Philadelphia ILA members tossed Del Monte pineapples into the Delaware River during the Labor Day Parade in September, announcing the boycott campaign against Del Monte, one of the world’s largest food brands.

Del Monte anti-union worldwide

In a document calling for the boycott, the ILA writes: “On July 22, Del Monte issued an outrageous demand that $5 million in labor cost reductions and $25 million in infrastructure improvements be met by the State of New Jersey in just four days! The ILA agreed to meet these shocking demands, conceding to wage cuts and benefit reductions regardless of the fact that they had not received a wage increase for almost 20 years, hoping that if they did, Del Monte’s imports would continue to arrive at the ILA’s pier.

“Despite the ILA’s willingness to work with Del Monte, the company still elected to move its business on Oct. 1 away from the unionized pier, notwithstanding the fact that Del Monte’s net profit for 2009 was $144 million. Needless to say, the economy is not hurting this giant corporation and there is no financial need for the company to resort to lower wages for its workers.”

Dionysios Christou, a spokesperson for Coral Gables, Fla.-based Del Monte Fresh Produce, argued on Sept. 28 that the “Gloucester Terminals LLC is fully unionized.” (ABC News, Sept. 29) ILA Local 1291 Business Manager Boise Butler replied: “Dock Workers Local 1 is a sham union. They pay their unqualified workers slave wages and little or no benefits. ... The Gloucester Terminal is operated by the Holts, who provide office space to Local 1.” (Philadelphia Public Record, Sept. 29)

Del Monte advertised for supervisory jobs at its facility in Gloucester, N.J., on Craigslist.org in September, offering salaries ranging from $8.50 to $10 per hour. At the ILA port, union members make anywhere from $17 to $24.50 per hour.

In a 2008 report entitled “The Sour Taste of Pineapple,” the International Labor Rights Forum investigated conditions for Del Monte’s workers. Its findings concluded that “freedom of association and right to collective bargaining have been blatantly violated in [Del Monte’s plantations in] Costa Rica. ... Union leaders have been systematically fired and laid off to obliterate any union presence in pineapple production.
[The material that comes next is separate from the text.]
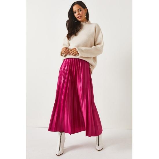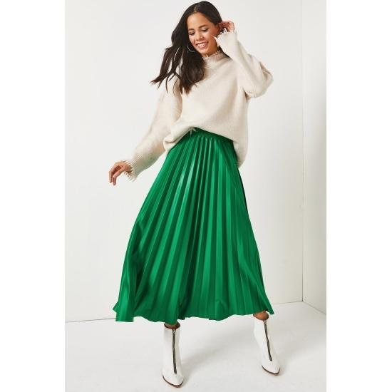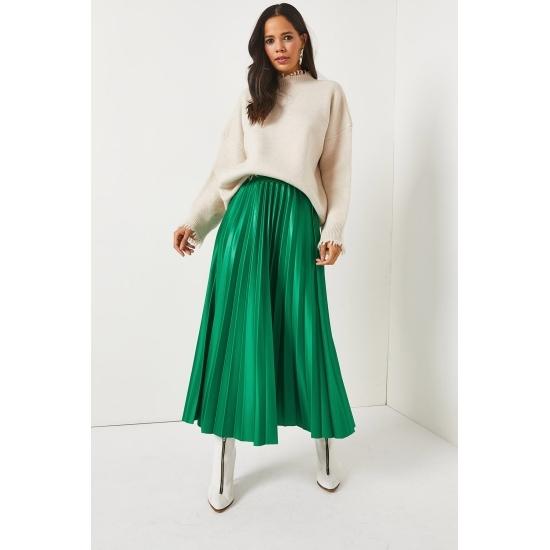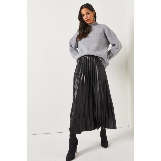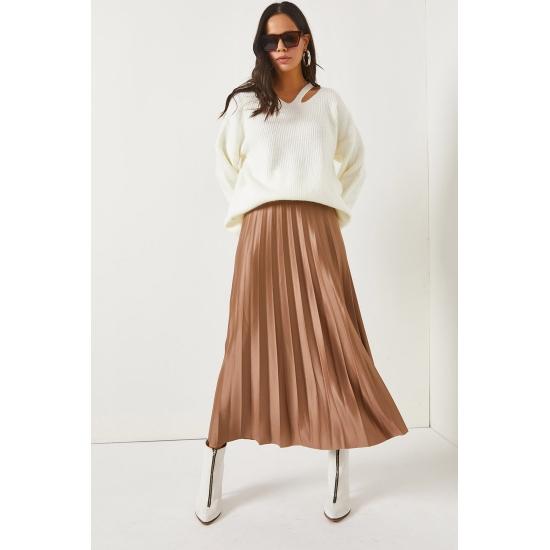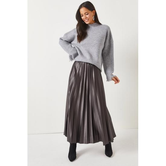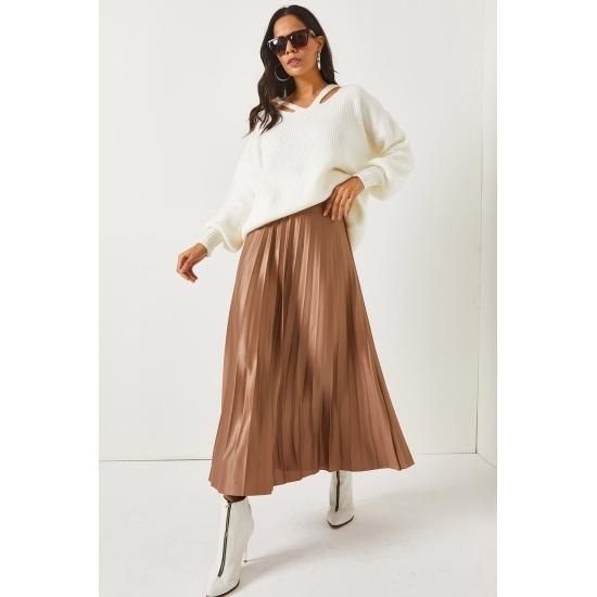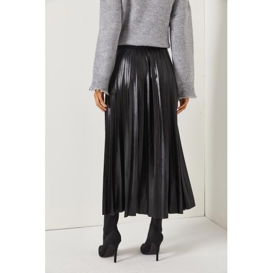 Женская юбка Кожаная юбка-колокол с эластичной талией и складками

“This is particularly true in Costa Rica, where companies install ‘Permanent Committees,’ or company-selected worker representatives to replace union leaders. ... Less than 2 percent of workers in Costa Rica are currently unionized and as a result major anti-union actions have been carried out by companies while governments remain complicit.”
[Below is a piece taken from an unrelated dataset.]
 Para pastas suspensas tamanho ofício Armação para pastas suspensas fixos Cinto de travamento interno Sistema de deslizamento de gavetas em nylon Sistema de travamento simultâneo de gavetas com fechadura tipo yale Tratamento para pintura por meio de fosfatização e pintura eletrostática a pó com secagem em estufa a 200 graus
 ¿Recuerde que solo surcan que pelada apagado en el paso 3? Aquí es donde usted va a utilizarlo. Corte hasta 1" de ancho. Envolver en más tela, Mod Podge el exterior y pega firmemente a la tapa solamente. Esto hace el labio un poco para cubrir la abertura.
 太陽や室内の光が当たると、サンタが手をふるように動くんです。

The report continues: “The abuses can also be attributed to more systematic factors surrounding the international agricultural supply chains. Multinational companies that buy and distribute pineapples are pressured into reducing costs to be able to compete for a place on the supermarket shelf.

“Since input costs such as fertilizers and gas are often fixed or rising, supplier companies such as Dole and Del Monte will often seek to maximize profits by minimizing their labor costs. Labor costs only account for a small percentage of the total selling price of the pineapples. Nevertheless, these companies consistently take advantage of high unemployment, migrant workers and weak labor standards in impoverished regions like Central America and Southeast Asia.”

Del Monte’s aggressive action at Philadelphia’s port is a continuation of its anti-labor policies worldwide, brought home to the U.S. during the most serious recession since the 1930s.

The fightback answer, of course, is solidarity. Boycott Del Monte!